Reputation: 1816
I have a dataframe with two sorted columns of integers.
A B
0 17 15
1 18 18
2 19 20
3 20 21
4 22 21
5 23 27
For all elements of B, I want to find the index of the closest matching element of A:
A B closest_match_idx
0 17 15 0
1 18 18 1
2 19 20 3
3 20 21 3
4 22 21 3
5 23 27 5
I know I can do
df['closest_match_idx'] = df.B.map(lambda x: (df.A - x).abs().idxmin()))

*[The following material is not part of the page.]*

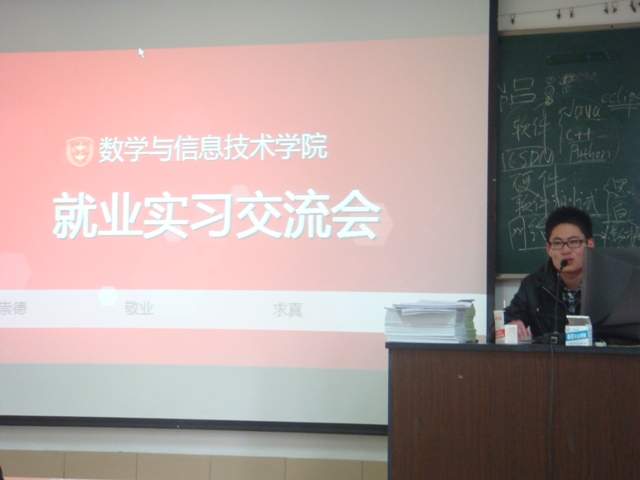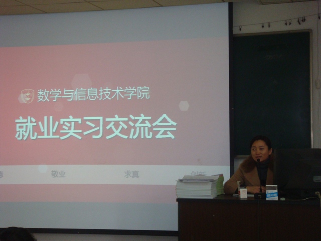 为帮助学生明确未来奋斗方向,把握当前就业形势,提前做好就业准备,2月18日上午,数学与信息技术学院在教二101教室举办了"就业实习交流会"。交流会邀请已成功专升本或已经工作的六位优秀学子介绍经验。副院长孙玫、班主任、辅导员以及09、10、11级计算机班学生参加交流会。大会由党总支副书记杨嵘主持。

but that's an O(N**2) solution for a problem that is clearly O(N). I couldn't find any better solution other than rolling my own index-finding function, but this feels like a problem that has an existing solution. Ideas?
For context, what I'm eventually trying to do is find the closest matching element in A for each element of B, up to a maximum absolute difference (otherwise just use the value from B):
match_diff = df.B - df.A.iloc[df['closest_match_idx']]
df['output'] = B
replace_idxs = np.where(diff.abs() <= 2)
df['output'].iloc[replace_idxs] = df['A'].iloc[replace_idxs]
searchsorted or this index trick is almost there, but not quite.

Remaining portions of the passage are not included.